Cicin Irfan, Karagol Hakan, Usta Ufuk, Sezer Atakan, Uzunoglu Sernaz, Alas-Cosar Rusen, Yetisyigit Tarkan, Uygun Kazim
Department of Medical Oncology, Faculty of Medicine, Trakya University, Hastanesi Medikal Onkoloji Bilim Dali, 22030 Edirne, Turkey.
Med Oncol. 2009;26(3):335-43. doi: 10.1007/s12032-008-9126-3. Epub 2008 Nov 12.
The aim of this study is to reveal likely demographic, clinical, and pathological differences among hormone receptor negative breast cancer patients according to their HER-2 status. The medical records of hormone receptor negative breast cancer patients with known HER-2 status between January 1999 and December 2006 were reviewed, retrospectively. A total of 91 cases were included in the study (68 HER-2 negative cases and 23 HER-2 positive cases). The results obtained showed that median age, menarche age, childbearing age, number of children, menopause age, and body-mass indexes were similar in both groups. The HER-2 negative patients had more family history of breast cancer than HER-2 positive patients (13.2% and 0%, respectively, P = 0.091). Eighty-three patients received neoadjuvant/adjuvant chemotherapy. Recurrence occurred in 41 (46.6%) patients. Neither recurrence nor disease-free survival of those patients was associated with HER-2 status. Tumor size (P = 0.042) and number of involved lymph nodes (P = 0.001) were found to be independent prognostic factors for disease-free survival. A tendency for more frequent cerebral metastasis was found in HER-2 positive advanced stage patients (P = 0.052). HER-2 positive patients were less responsive to taxanes (P = 0.071). The number of involved lymph nodes (P = 0.004) and HER-2 status (P = 0.043) were found to be prognostic factors for overall survival. HER-2 positive and negative patients should be followed and treated with different strategies. HER-2 positive patients are at least as resistant to systemic therapies as the HER-2 negative patients. Genetic counseling should be routinely provided to triple negative patients and their families. HER-2 positive patients may be candidates for prophylactic treatment strategies concerning cerebral metastasis.

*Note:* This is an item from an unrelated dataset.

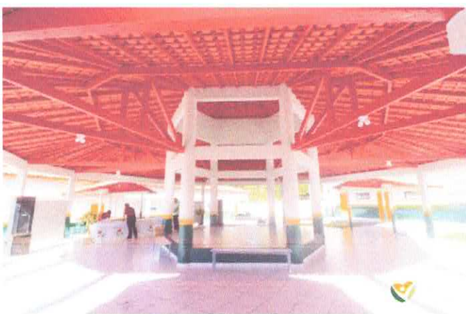
Imagem 05: Construção da Escola Gregório Coelho.

本研究的目的是揭示激素受体阴性乳腺癌患者根据其HER-2状态在人口统计学、临床和病理方面可能存在的差异。回顾性分析了1999年1月至2006年12月间已知HER-2状态的激素受体阴性乳腺癌患者的病历。本研究共纳入91例患者(68例HER-2阴性病例和23例HER-2阳性病例)。结果显示,两组患者的年龄中位数、初潮年龄、生育年龄、子女数、绝经年龄和体重指数相似。HER-2阴性患者的乳腺癌家族史比HER-2阳性患者更多(分别为13.2%和0%,P = 0.091)。83例患者接受了新辅助/辅助化疗。41例(46.6%)患者出现复发。这些患者的复发情况和无病生存期均与HER-2状态无关。肿瘤大小(P = 0.042)和受累淋巴结数量(P = 0.001)被发现是无病生存期的独立预后因素。在HER-2阳性晚期患者中发现有更频繁发生脑转移的趋势(P = 0.052)。HER-2阳性患者对紫杉烷类药物的反应较差(P = 0.071)。受累淋巴结数量(P = 0.004)和HER-2状态(P = 0.043)被发现是总生存期的预后因素。HER-2阳性和阴性患者应采用不同的策略进行随访和治疗。HER-2阳性患者对全身治疗的耐药性至少与HER-2阴性患者相同。应常规为三阴性患者及其家属提供遗传咨询。HER-2阳性患者可能是关于脑转移预防性治疗策略的候选对象。